Understanding Gemba Kaizen Innovation

Never has there been a better time to unleash innovation in your organisation. There is a perfect storm that offers: an unprecedented amount of talented and entrepreneurial young people; accessible technology- many of it for free; and a colliding of ground-breaking knowledge which gives us a clear route forward; and customers who are accessible, around the world, because they are only a few clicks away from ordering.

There are two types of innovation:

  1. Gemba Kaizen innovation (innovation at the work face is a daily activity) which focuses on improving internal processes as a daily activity.
  2. Blue ocean innovation where an organisation moves away from the cut throat, dog eat dog bloody red oceans of competition to the clear, calm and rewarding waters.

The important use of Gemba in front of Kaizen reminds us that we need to start in the “real place: the operations.  Kaizen stands for continuous improvement.
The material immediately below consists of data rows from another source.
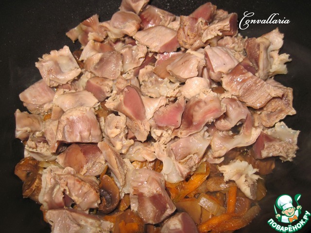 • Куриные желудки нарезать на кусочки, переложить в сотейник.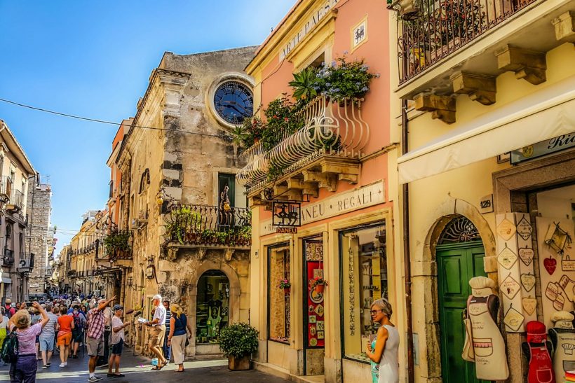Πέρα όμως από τους χώρους αρχαιολογικού ενδιαφέροντος και τις παραλίες, αξίζει να επισκεφτεί κανείς και το κέντρο της πόλης που προσφέρεται για ατελείωτες βόλτες, φωτογράφηση αλλά και ψώνια. Η οδός Corso Umberto προσφέρει άπειρες επιλογές high end μαγαζιών με όλους τους γνωστούς οίκους ενώ κανείς μπορεί να προμηθευτεί σουβενίρ που θα του θυμίζουν για πάντα το ταξίδι του εκεί. Η περιοχή φημίζεται για την παραδοσιακή κεραμική της οπότε ένα σουβενίρ σε σχήμα κουκουναριού σε πολλά και διαφορετικά χρώματα για καλή τύχη ή ένα άρωμα Zagara di Taormina, κλασικό άρωμα της πόλης, επιβάλλεται να βρεθούν στη λίστα με τα ψώνια σας.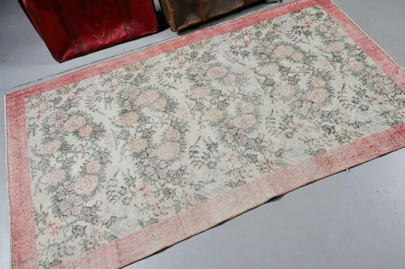 Vintage Halı, Alan 3.8x6.4 ft Halı, Kırmızı Soyut Halı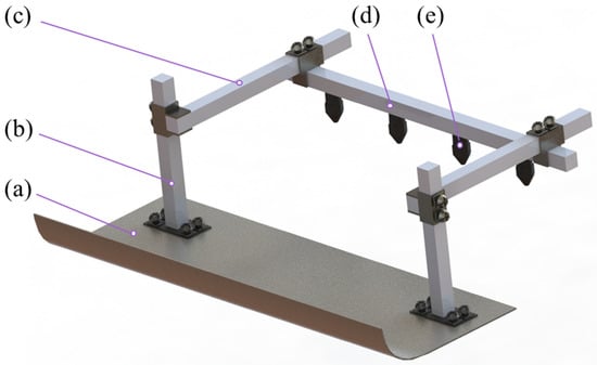 Positional relationship between the canopy opener and nozzle. (a) The canopy opener; (b) adjusting the height between the canopy opener and spray boom; (c) adjusting the horizontal distance between the canopy opener and spray boom; (d) spray boom; (e) nozzle.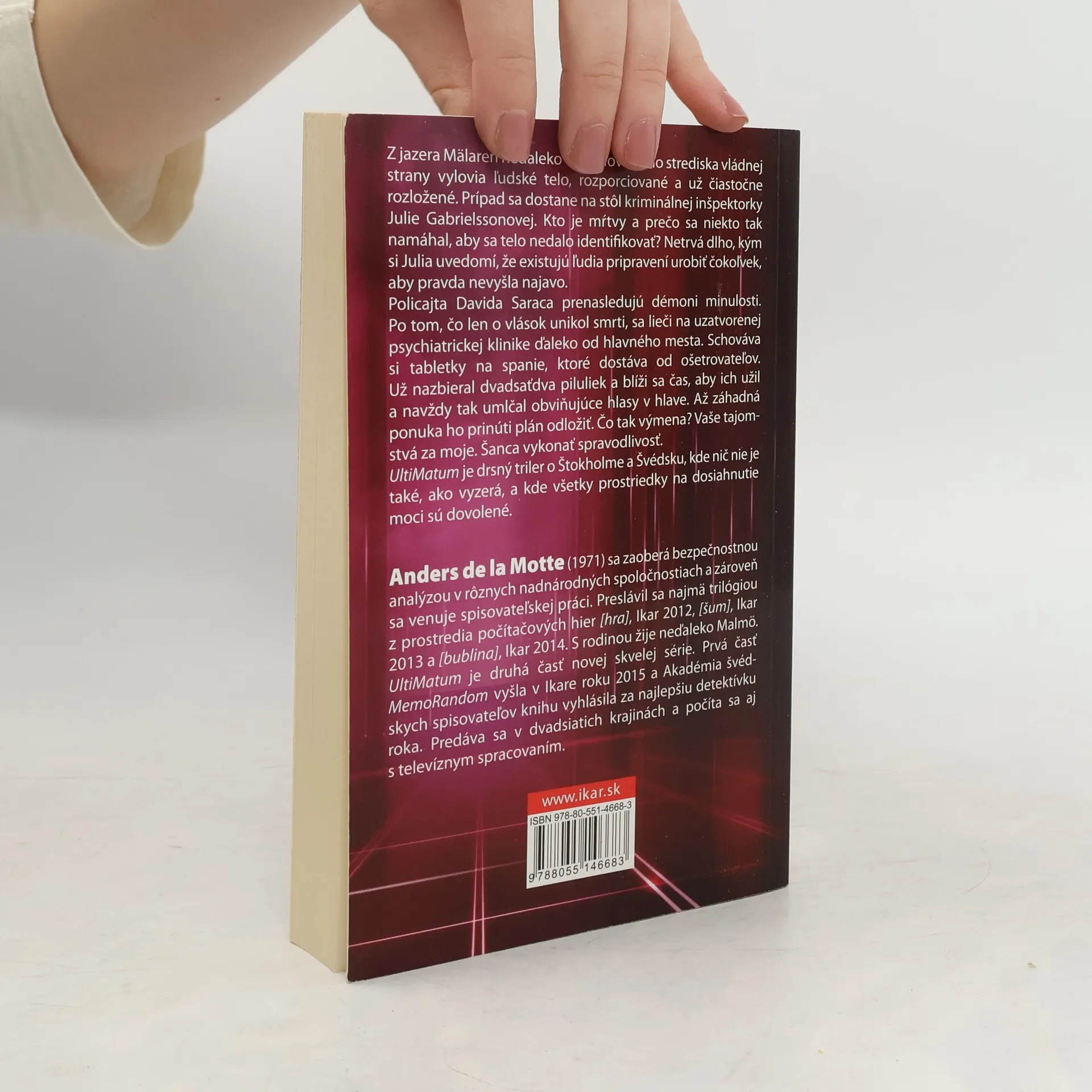 Chce len jedinú vec. Všetko, čo máš. Z jazera Mälaren neďaleko doškoľovacieho strediska vládnej strany vylovia ľudské telo, rozporciované a už čiastočne rozložené. Prípad sa dostane na stôl kriminálnej inšpektorky Julie Gabrielssonovej. Kto je mŕtvy a prečo sa niekto tak namáhal, aby sa telo nedalo identifikovať? Netrvá dlho, kým si Julia uvedomí, že existujú ľudia pripravení urobiť čokoľvek pre to, aby pravda nevyšla najavo. Policajta Davida Saraca prenasledujú démoni minulosti. Po tom, čo len o vlások unikol smrti, sa lieči na uzatvorenej psychiatrickej klinike ďaleko od hlavného mesta. Schováva si tabletky na spanie, ktoré dostáva od ošetrovateľov. Už nazbieral dvadsaťdva piluliek a blíži sa čas, aby ich užil a navždy tak umlčal obviňujúce hlasy v hlave. Až záhadná ponuka ho prinúti plán odložiť. Čo tak výmena? Vaše tajomstvá za moje. Šanca vykonať spravodlivosť. UltiMatum je drsný triler o Štokholme a Švédsku, kde nič nie je také, ako vyzerá, a kde všetky prostriedky na dosiahnutie moci sú dovolené.

The foundation stones for this process are:

  1. Housekeeping
  2. Muda (waste) elimination
  3. Visual management
  4. Adopting Time Saving Techniques ( Adopting SCRUM meetings from the agile movement and value stream mapping)

1. Housekeeping

A surprising start to a new process but one that is emphasized in all the case studies in the book[i].  The benefits of housekeeping is that it highlights problems, helps ensure everything is where it should be thus saving time, and brings teams together.  Japanese organisations are known to start the day with a 15-minute tidy up where all teams work together both in and outside the premises. In a western culture this needs to be explained as the default future for all the staff is “This is what we have cleaners, gardeners etc for”.  Its significant is that it can be were 50% of the  errors occur.  There are Four Ss in Gemba Kaizen:

  • Sort: determine what is necessary and unnecessary and dispose of the latter.
  • Straighten: Put essential things in order so that they can be easily accessed.
  • Scrub: Clean everything, tools, workplace
  • Systemise & Self-discipline: set the standard, train and develop and maintain a culture where self-discipline:

Practical steps to embrace sorting:

  1. Select and area in operations and hold a training session on Gemba Kaizen from a local trainer.
  2. All staff after the training session are given red tags to place on all items that will not be used in the next 30 days. The rule being if in doubt red tag it.
  3. For those items that operations staff want stored in their area they have to demonstrate the necessity back to the group. Those hoarders will thus be challenged and a compromise reached.

Practical steps to embrace straighten:

I will never forget visiting the garage of one of my friends.  His dad had all his key tools hanging above his workbench with a stencil outline on the wall to show what tool was not back in its right full place.

Hospitals are particularly good at this as lives depend on it. During my visits to see my wife, who was in hospital for 105 days, I was impressed with the organisation of the blood extraction trolleys, nurses knew that everything was in its place.

In hospitals sensitization is very important.  Having a hand cleaner dispenser empty is of no use. So, they have a sticker on each unit which says, “Turn me over if empty”.  The label when turned over is red   and says “EMPTY”.  That is straightening at work.

  1. Set put specific places where tools and supplies should be.
  2. Label all areas where work in progress is placed indicating the maximum permitted level

2. Waste elimination

In lean methodology, there are eight types of waste.  These wastes are seen within the whole organization. I have outlined the eight wastes below in Exhibit 1

Exhibit 1: The Eight Wastes that Need Tackling

Eight types of waste
Over-production: Building batches of products larger than the customers’ immediate need. Printing marketing brochures in advance. This waste typically occurs because we want to increase utilisation of large and important machines, are worried about rejects and absenteeism so we produce more to be on the safe side. In just-in time systems being ahead of the production schedule is regarded as worse than being behind it.
Waiting: Production operators waiting because a machine has gone down or a component is not available. Or when the operators are simply monitoring the machine as it does its value adding task. Whilst operators being idle is easy to measure, it is more difficult when they are look busy. In one example in a German automotive manufacturer, the set-up time in the press shop was reduced from 10 hours a week to 3.5 hours.
Transportation: Moving materials around the factory. Any process physically distant from the main line should be incorporated into the line if possible. Masaaki Imai points out a common sign of a problem with layout is the need for conveyor belts. He goes on to say “The best thing a company can do with its conveyor belts is to sell it to their competition, or  send it to them free of charge.”
Extra processing: Processes that appear productive but are unimportant to the customer. Value stream accounting provides good guidance here. Do not include any costs and activities that do not add value to the customer. There are many ways an organization can have extra processing.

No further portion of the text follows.